**Try it**
Using the data below, print exactly the line with "目前多數(shù)電信企業(yè)提供的", the line with "在 TT Interphases", and every line between them, but none of the pictures.

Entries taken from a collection

•••••

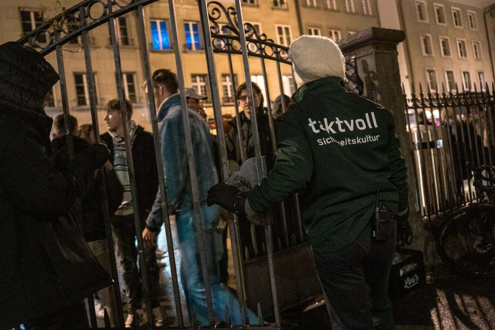 Um 21:45 Uhr beginnt der Arbeitseinsatz mit dem Briefing. Wir treffen das Team von Taktvoll vor der Turnhalle: sechs Türsteherinnen und zwei Türsteher – warm angezogen, Funkgerät und Pfefferspray am Gürtel. Es ist die einzige Waffe, die sie zur Selbstverteidigung tragen. Im Innenhof des PROGRs haben sich trotz des regnerischen Aprilwetters kleine Menschentrauben gebildet, drinnen hat der DJ sein erstes Set begonnen. Noch sind die Besucher*innen relativ nüchtern, die Stimmung aufgedreht, aber gut.
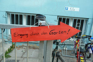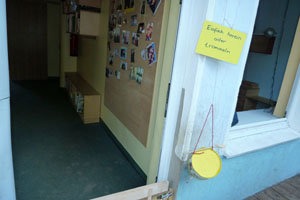 Die Eingangstür ist durch einen elektrischen Türöffner gesichert. Für die Kinder war daher von Anfang klar, durch die Tür kann am Tag ohne Strom keiner gehen. Die Menschen müssen den Eingang über den Garten nehmen. Dieser Eingang wird dann durch ein Kind gesichert, damit niemand ungesehen in die Einrichtung geht und statt einer Klingel, gibt es eine Trommel. Natürlich müssen diese Neuerungen durch Schilder bekannt gegeben werden.
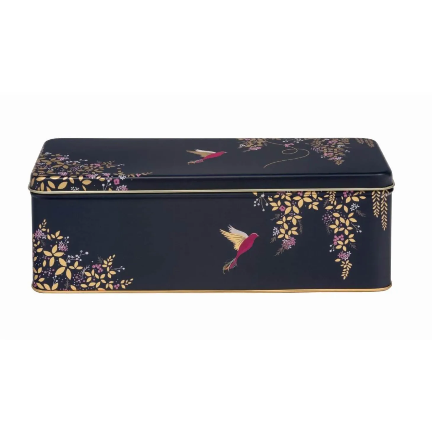 Sara Miller London presents the Long Deep Rectangular Storage Tin in the Navy Hummingbird design. Beautifully decorated with pretty foliage and hummingbirds with stunning gold accents, this colourful tin is ideal for storing snacks, biscuits, keepsakes, trinkets and more, making it an ideal gift or treat for yourself.
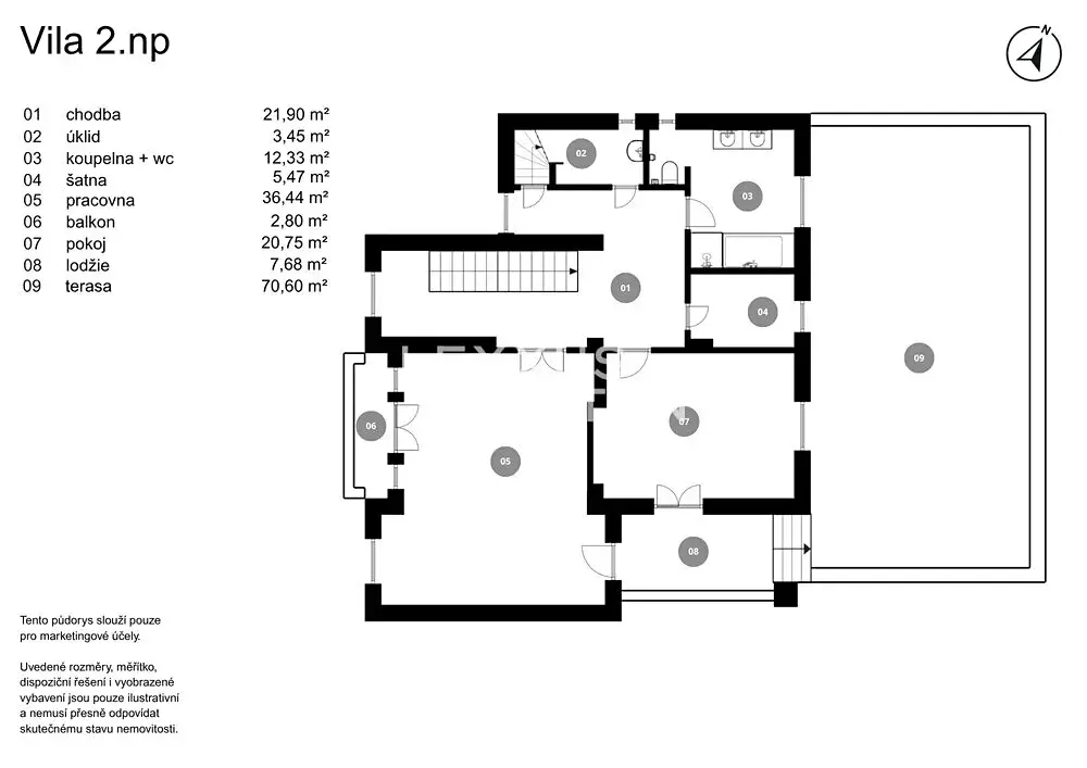 Podkroví tvoří otevřený obytný prostor s viditelnými krovy a plnohodnotnou technickou místností.
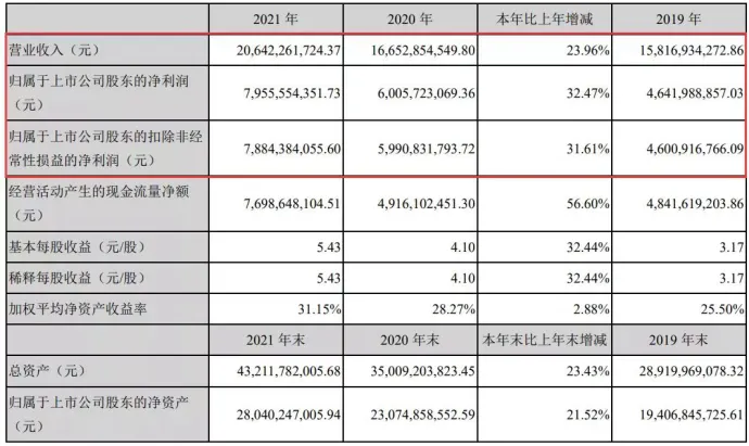 4月28日晚,泸州老窖股份有限公司发布2021年年报与2022年一季报。报告显示:2021年度实现营业收入206.42亿元,同比增长23.96%;实现归属于上市公司股东的净利润79.56亿元,同比增长32.47%。
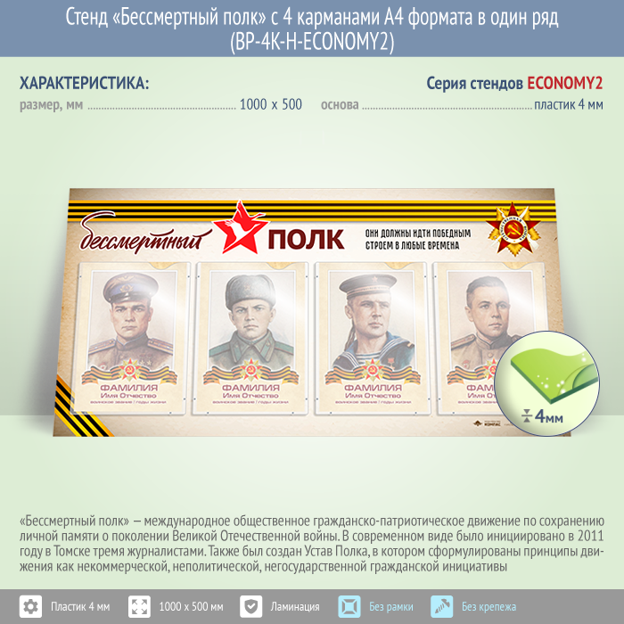 Стенд «Бессмертный полк» с 4 карманами А4 формата в один ряд (BP-4K-H-ECONOMY2) в Волгограде купить
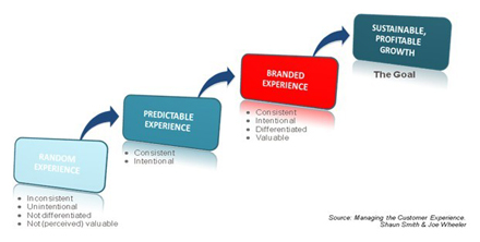 目前多數(shù)電信企業(yè)提供的都是‘隨機(jī)’體驗(yàn)。隨機(jī)體驗(yàn)是各種不連續(xù)端到端體驗(yàn)的集合體。它發(fā)生在整體客戶體驗(yàn)未得到恰當(dāng)管理或企業(yè)漠視客戶與員工的情況下。最終這將導(dǎo)致品牌走向墮落以及丟失有價(jià)值的客戶、利潤(rùn)和企業(yè)價(jià)值。如果企業(yè)不想如上所述這樣慘淡收?qǐng),那么他們至少要做到?chuàng)造和交付一種可預(yù)測(cè)的體驗(yàn)——連續(xù)且有意向的(見圖1)。
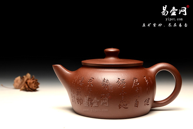 壶身一面刻绘有“天行健,君子以自强不息;地势坤,君子以厚德载物”,壶身另外一面刻绘有赏壶图。
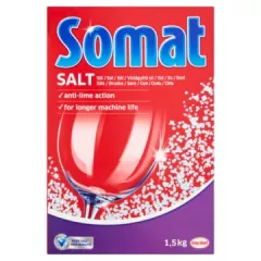 Dane produktowe Somat Duo Sól do zmywarek 1,5 kg Zbyt twarda woda może powodować osadzanie się kamienia na naczyniach oraz w zmywarce. Sól Somat zmiękcza wodę, a co za tym idzie chroni przed szkodliwym osadem zarówno w zmywarce, dyszach, jak i rurach. - Chroni przed osadzaniem się kamienia....
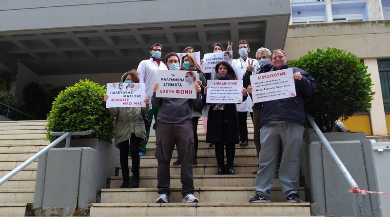 Παρόμοιες παρεμβάσεις γίνονται σε νοσοκομεία και μονάδες υγείας με κεντρικό μήνυμα: «Σπάμε τη σιωπή, δυναμώνουμε τη φωνή της διεκδίκησης για την υγεία του λαού».
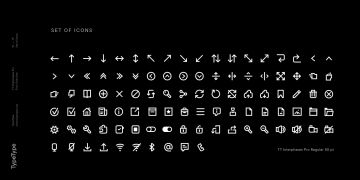 在 TT Interphases Pro 中,设计师将能够同时使用 2 种宽度,已经熟悉的标准宽度和 Condensed,一种可用于制作文本显示的窄版。TT Interphases Pro 有一大组图标,在视觉上与字体中的字符相匹配。TT Interphases Pro 是在现代移动和网络平台的界面中工作的完美字体。
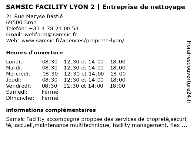 1 SAMSIC FACILITY LYON 3 | Entreprise de nettoyage (Distance: 0,00 km) 21 Rue Maryse Bastié, 69500 Bron accueil en entreprise, de, energy management, entreprise, environnement, espace verts, facility, facility management, factotum, gestion des déchets, gestion du bâtiment, handyman, hygiène 3d, logistique, lyon, maintenance multitechnique, nettoyage, nettoyage industriel, propreté, propreté agro-alimentaire, propreté pharmaceutique, samsic, sureté, sécurité, ultrapropreté 2 Kyriad Lyon Est Bron Eurexpo Le Cottage (Distance: 0,20 km) 12 Rue Maryse Bastie, 69500 Bron bar, bron, cottage, est, eurexpo, hotel, kyriad, le, lyon, restaurant, service 3 Comfort Hotel Kiotel Lyon Bron (Distance: 0,21 km) 10 Rue Maryse Bastie, 69500 Bron bar, bron, comfort, hotel, kiotel, lyon, restaurant, service 4 Kyriad Lyon Est Bron Eurexpo (Distance: 0,71 km) 2 Avenue Louis Mouillard, 69500 Bron bar, bron, est, eurexpo, hotel, kyriad, lyon, restaurant, service 5 B&B Hotel Lyon Eurexpo Chassieu (Distance: 3,26 km) 2 Rue Augustin Fresnel, 69680 Chassieu b&b, bar, cafe, chassieu, eurexpo, hotel, lyon, restaurant, service 6 PNI - Planète Nettoyage Industriel (Distance: 3,62 km) 67 Rue Aristide Briand, 69800 Saint-Priest façades vitrées, industriel, lavage des vitres, nettoyage, p.n.i, planète, pni, vitrines |

•••••

**Solution to the exercise**
 目前多數(shù)電信企業(yè)提供的都是‘隨機(jī)’體驗(yàn)。隨機(jī)體驗(yàn)是各種不連續(xù)端到端體驗(yàn)的集合體。它發(fā)生在整體客戶體驗(yàn)未得到恰當(dāng)管理或企業(yè)漠視客戶與員工的情況下。最終這將導(dǎo)致品牌走向墮落以及丟失有價(jià)值的客戶、利潤(rùn)和企業(yè)價(jià)值。如果企業(yè)不想如上所述這樣慘淡收?qǐng),那么他們至少要做到?chuàng)造和交付一種可預(yù)測(cè)的體驗(yàn)——連續(xù)且有意向的(見圖1)。
 壶身一面刻绘有“天行健,君子以自强不息;地势坤,君子以厚德载物”,壶身另外一面刻绘有赏壶图。
 Dane produktowe Somat Duo Sól do zmywarek 1,5 kg Zbyt twarda woda może powodować osadzanie się kamienia na naczyniach oraz w zmywarce. Sól Somat zmiękcza wodę, a co za tym idzie chroni przed szkodliwym osadem zarówno w zmywarce, dyszach, jak i rurach. - Chroni przed osadzaniem się kamienia....
 Παρόμοιες παρεμβάσεις γίνονται σε νοσοκομεία και μονάδες υγείας με κεντρικό μήνυμα: «Σπάμε τη σιωπή, δυναμώνουμε τη φωνή της διεκδίκησης για την υγεία του λαού».
 在 TT Interphases Pro 中,设计师将能够同时使用 2 种宽度,已经熟悉的标准宽度和 Condensed,一种可用于制作文本显示的窄版。TT Interphases Pro 有一大组图标,在视觉上与字体中的字符相匹配。TT Interphases Pro 是在现代移动和网络平台的界面中工作的完美字体。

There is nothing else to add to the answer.